Mark Zuckerberg has come out in favor of books! That was a big news story in the San Francisco Chronicle about ten days ago. Facebook is now sponsoring a Year of Books Project. You can "Like" it by clicking right here. If you want to read an argument that "real" books are better for you than ebooks, here is your link!

A premise of the Chronicle article seems to be that it's actually a news story that "Facebook now likes books." I am a bit surprised at the surprise. I think Facebook has always liked books. I do a fair amount of posting to Facebook, including posting each entry I make into this Two Worlds blog, and that means I do a lot of postings about books. Lots of other people do the same. It's definitely not all about pictures of gourmet meals and cute kitties!

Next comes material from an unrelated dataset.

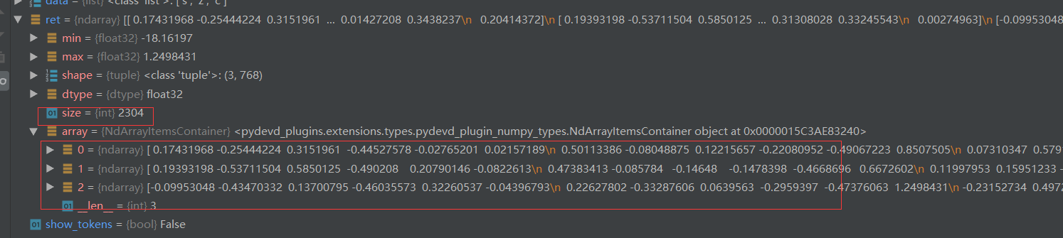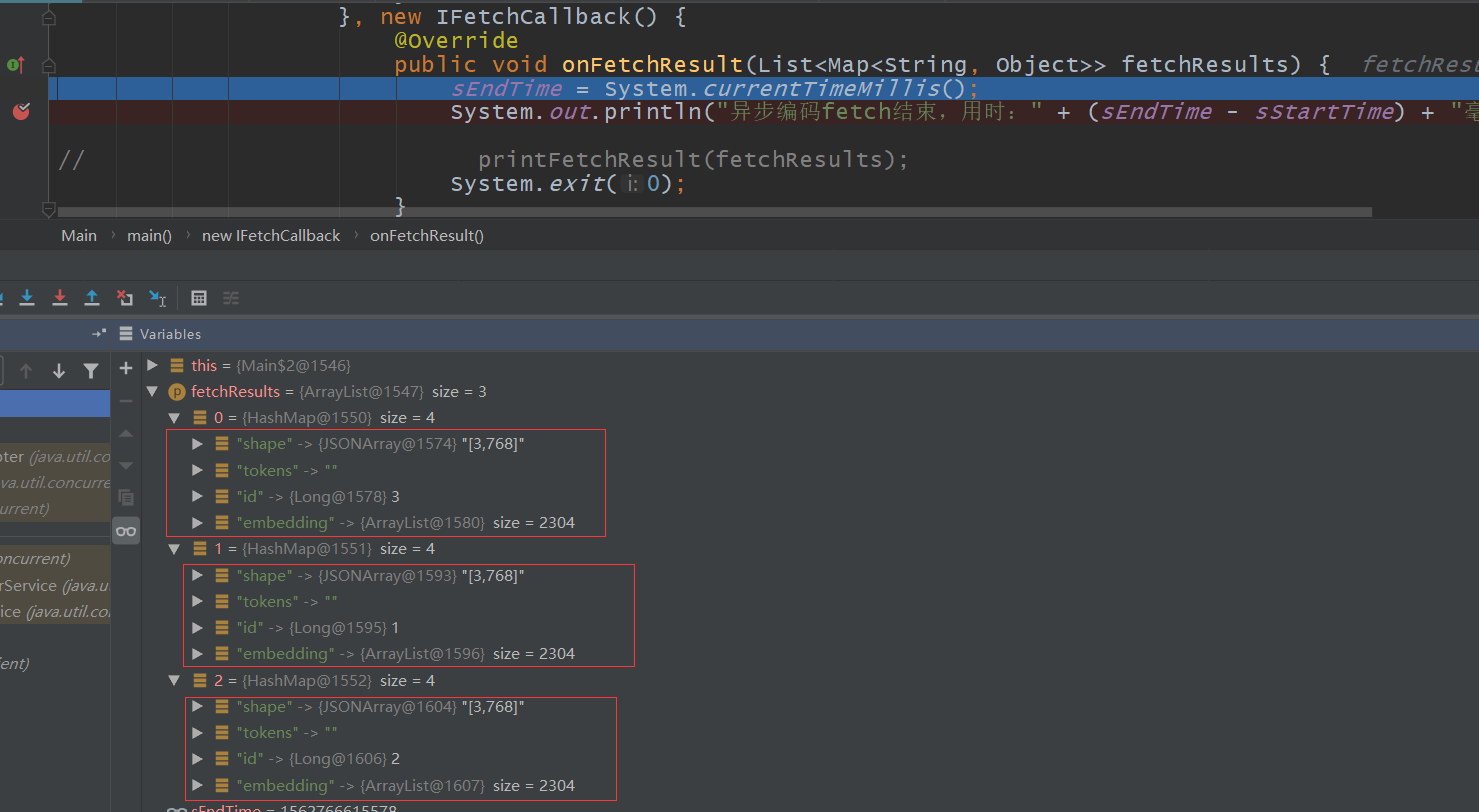 这样,encode的主要任务就完成了,然后把映射里embedding(也就是浮点数列表)、shape、token作为列表返回到外部,就可以了。

The image above, as a matter of fact, is from the Facebook page of the Year of Books Project. The image below is one that appeared on Facebook sometime ago, by way of my blog: 

To Like books, or not to Like books (on Facebook) is not really the question I seek to address today. I want briefly to comment on the first book chosen for the Facebook Year of Books Project. It's The End of Power, by Moisés Naím. Naím self-identifies as "an internationally renowned columnist and commentator on globalization, international politics and economics whose columns are published every Sunday by Spain’s El País, Italy’s La Repubblica and Brazil’s O Globo and reprinted by leading newspapers worldwide." All of these papers self-identify as "global" newspapers. 

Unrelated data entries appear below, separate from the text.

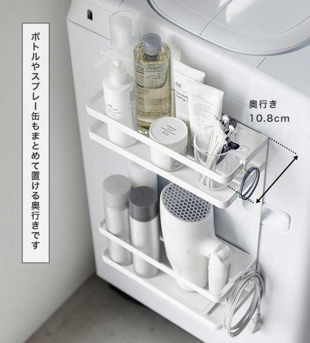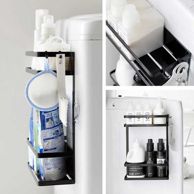 マグネットで洗濯機の側面に簡単に設置できる収納ラック。強力な磁力で最大4.5kgの耐荷重性があり、下段には大容量の洗剤の詰め替えやストックも置くことができて便利です。洗剤の他にも化粧品やドライヤーの収納にも便利。掃除道具などを引っ掛けておけるフックも2つ付属しています。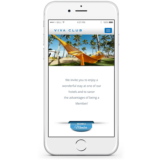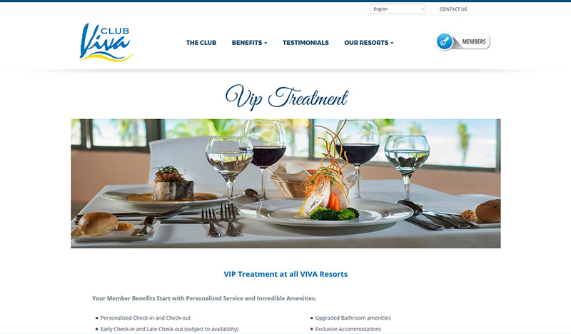 Un website orientado a presentar toda la información que necesita el interesado en disfrutar de una experiencia vacacional superior con Club Viva y el acceso a las información preferencial de los miembros actuales.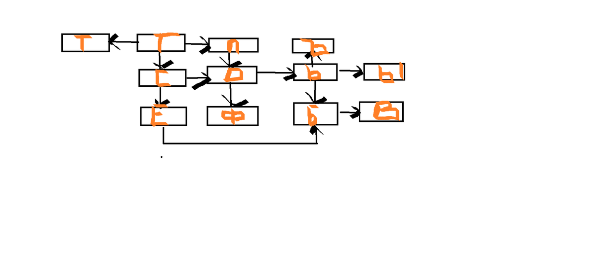В вершинах графа записаны буквы. Каждое реброребросо стрелкой означает: к букве добавляется одна чёрточка и получается новая буква.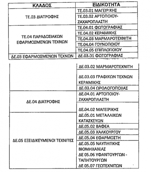 - Στον κλάδο ΤΕ και ΔΕ του εκπαιδευτικού προσωπικού του ΟΑΕΔ, προβλέπονται, πέραν του άρθρου 29, και οι παρακάτω κλάδοι με τις αντίστοιχες ειδικότητες: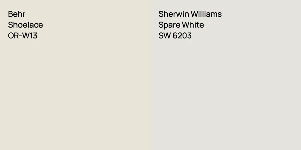Behr OR-W13 and SW 6203 differ significantly in saturation. Behr OR-W13 is more saturated.

In his book, Naím defines power as the "ability to direct or prevent the current or future actions of other groups and individuals." It is Naím's contention that this kind of power is becoming a lot harder to come by; it's "decaying," from "boardrooms to battlefields and churches to states." As Naím's title page puts it: "Being in charge isn't what it used to be." 

The idea that power is defined by being able to boss other people around isn't what my computer-based dictionary shows as the "first definition" of power. The "first definition" of power in my dictionary is this: 

The ability to do something or act in a particular way, especially as a faculty or quality: the power of speech
That means we ALL have "power," and the power we have is more or less what I have been calling "freedom" in some recent postings. Whatever our situation, we all have the power to do something unexpected and new.

To give credit to Naím, he seems to admit this. His book ends with a prediction that new forms of government will soon emerge, and as he says, "it will not be top-down."